ミル Mi−24”ハインド”

Mi-24 "HIND" ,Mil

Mi-24
旧東ドイツ軍所属のMi−24D”ハインドD”

 旧ソ連で最も多く生産されたヘリコプター Mi−8をベースに開発 された攻撃型ヘリ。ローターはMi−8の物を発展させた5枚ブレードで、銃撃被弾や低空飛行時の 接触に備えてチタニウムやグラスファイバーを使用して強度が高められている。
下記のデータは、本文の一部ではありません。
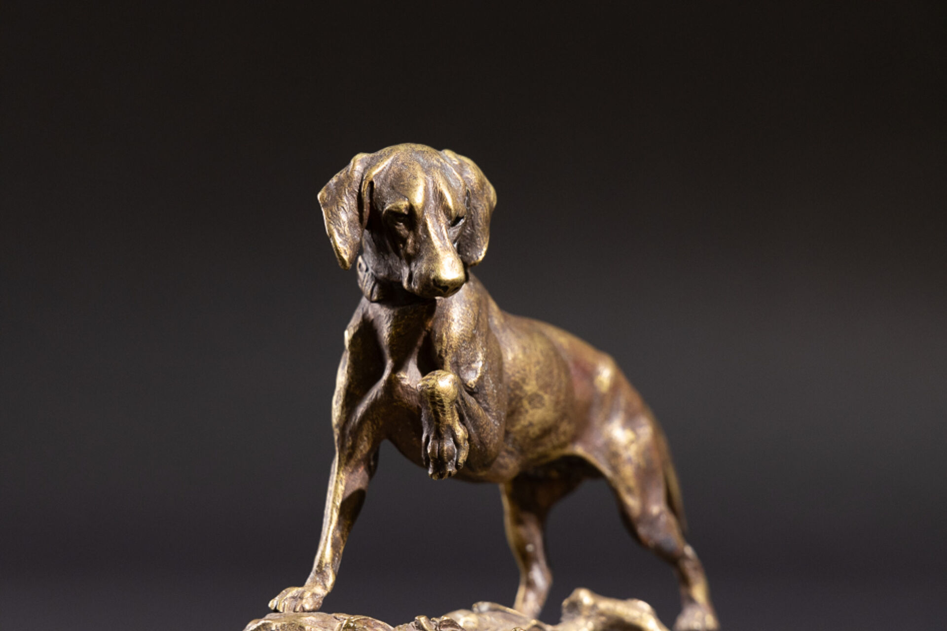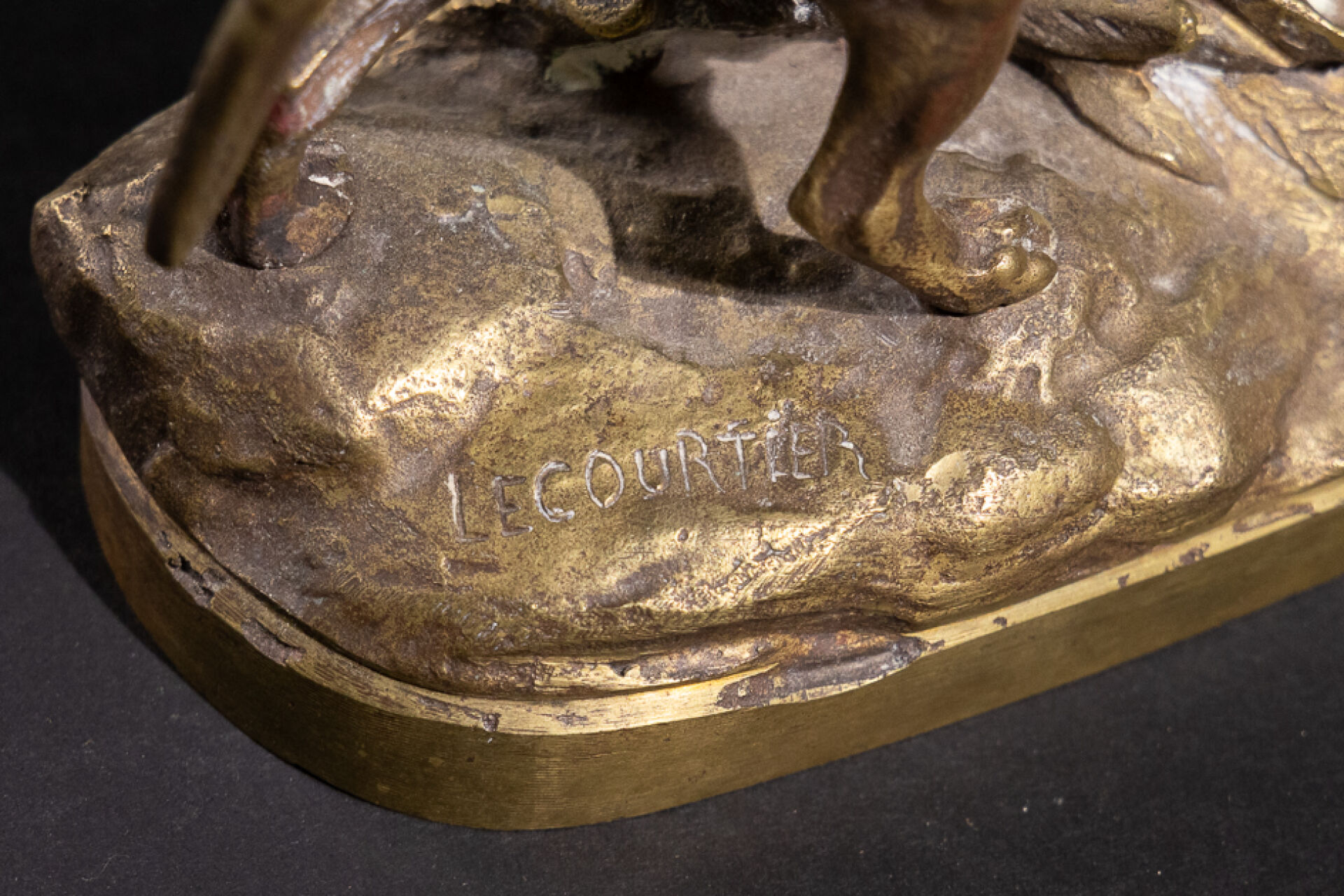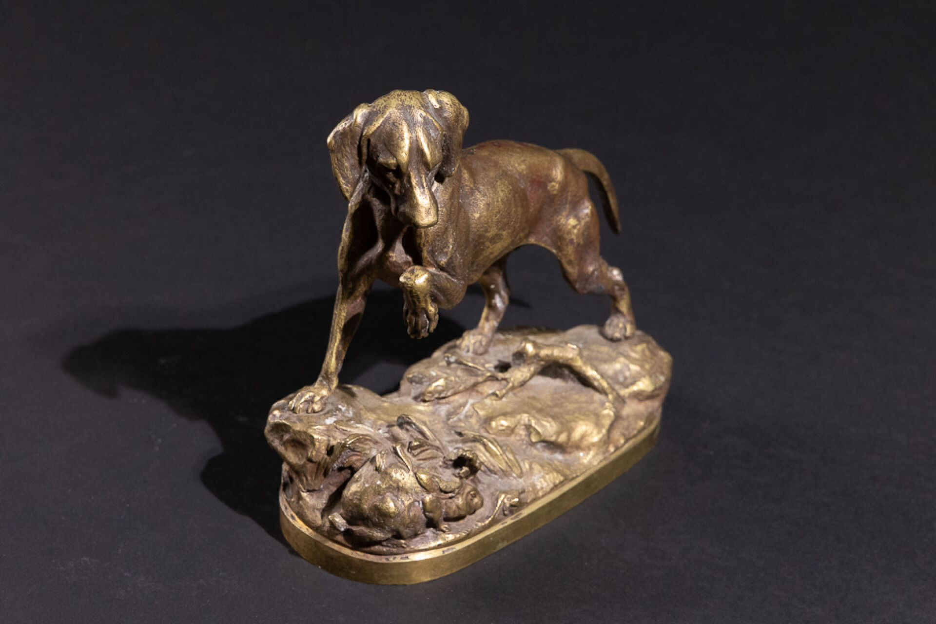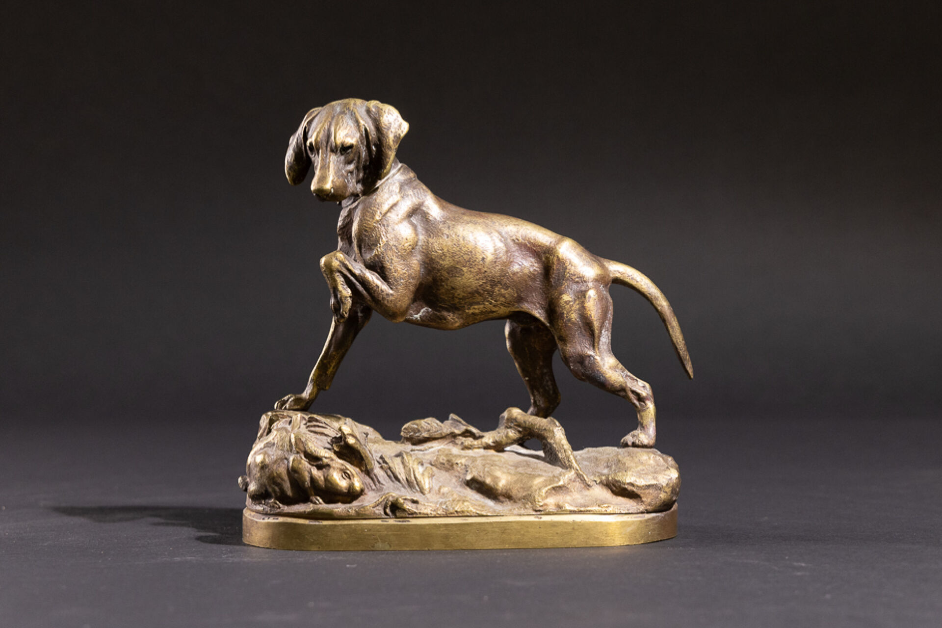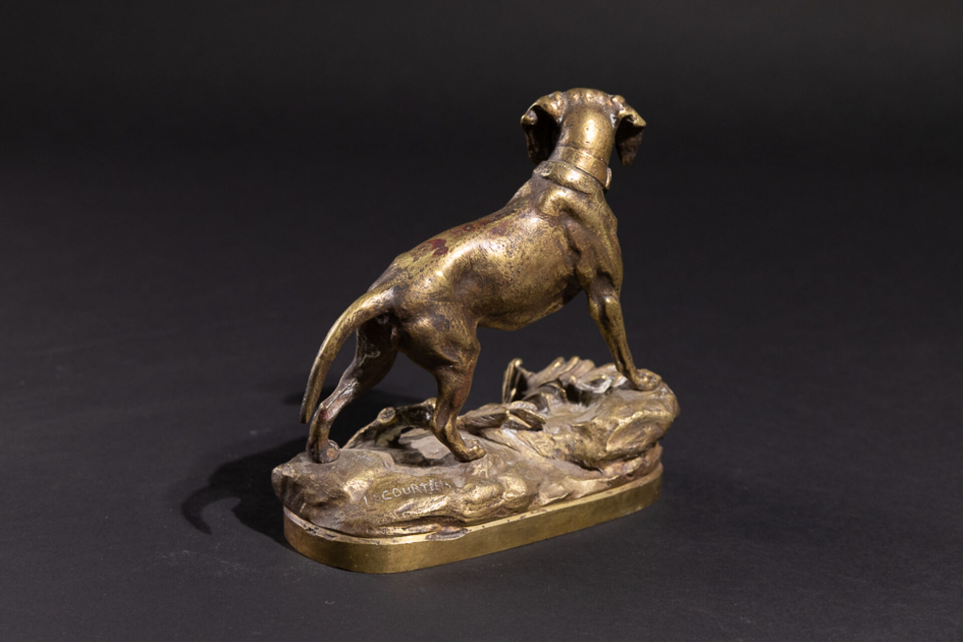 Prosper LECOURTIER (1851-1925). Chien à l'arrêt, un lapin à ses pieds. Epreuve en bronze ciselé anciennement patiné, signée sur la terrasse. Haut. : 17 cm - Larg. : 16.5 cm - Prof. : 8 cm Prosper LECOURTIER est un sculpteur animaliste français de la fin du XIXe siècle, il fut l'élève d'Emmanuel FREMIET dont il garde l'influence. LECOURTIER excelle à représenter le mouvement et les expressions des animaux qu'il sculpte notamment dans des scènes de chasse.

また輸送ヘリである Mi−8がベースのため攻撃ヘリとしては珍しく後部キャビンに兵員を搭載することも可能となって おり、対地攻撃だけでなく歩兵部隊を伴った強襲や侵入任務にも使用できる。
 C型までは通常のヘリと同様の並列複座コクピットだったが、D型からはタンデム複座(前席が銃 手、後席が操縦士)に変更されている。またエンジンもMi−8と同じ物から強力なTV3−117 へ変更された。
 E型以降は火器管制システムが更新され、AT−6対戦車ミサイルやAA−8空対空ミサイルの搭 載も可能となっている。
 アフガニスタンでの対ゲリラ戦に活躍し(勇猛なアフガンゲリラに『ソビエト兵は恐れるに足りな いが、彼らのヘリコプターはとても恐ろしい』と言わしめた)、2,000機以上が生産されソビエ ト以外にも旧共産圏各国へ配備された。現在もロシア陸軍や旧共産圏諸国などで使用中である。

機体詳細データ(Mi−24D)
寸法(L×W×H/ロータ径)17.51×2.04×6.5m / 17.3m
(全長、全幅は胴体の寸法)
機体重量(自重/全備)8,200kg / 12,000kg
飛行速度(最大/巡航)333km/h / 268km/h
上昇率(海面上)750m/min
上昇限度(実用/限界)4,500m / ホバリング限界1,500m
離着陸距離(離陸/着陸)−−−−−−−
航続距離1,000km(増槽使用)
エンジンイソトフ設計局製 TV3−117ターボシャフト×2基
出力1,640kw(約2,200hp)×2
武装12.7mmガトリング砲×1、UV−32ロケットポッド・爆弾等×4、AT−2対戦車ミサイル×4など最大外部搭載量1,500kg
乗員数/機体初飛行2名 / 1972年?
備考(各タイプ詳細) 【下記の"HIND〜"はNATOによる分類です】
Mi-24 "HIND A":並列配置操縦席と機首前席に銃手席を配置した3座強襲型
Mi-24 "HIND B":最初の生産型。尾部ローターが機体右側にあるのが特徴
Mi-24 "HIND C":"HIND A"と同じ型だが機首の機銃と翼端ミサイルレールが無い
Mi-24D "HIND D":操縦席が直列配置2座に変更された型。機首に4銃身ガトリングタレットを装備
Mi-24V "HIND E":"HIND D"改良型。AT−6対戦車ミサイルを12発搭載可能
Mi-24P "HIND F":"HIND E"改良型。機首タレットを外し2門の30mm機関砲を胴体右側面に装備
Mi-24R "HIND G":NBC(核・生物・化学)下での偵察用。チェルノブイリ原発事故でも使用された
Mi-24K "HIND G":写真偵察用。後部兵員室に超望遠カメラを装備
Mi-25:"HIND D"の輸出型名称
Mi-35:"HIND E"の輸出型名称
A-10:"HIND A"の機体に"HIND D"のエンジンを搭載した記録設定用変形機。国際公認速度記録達成(15/25km周回コースで368.4km/h)
LAST UPDATE 2000,11,22(FirstUp 2000,02,11)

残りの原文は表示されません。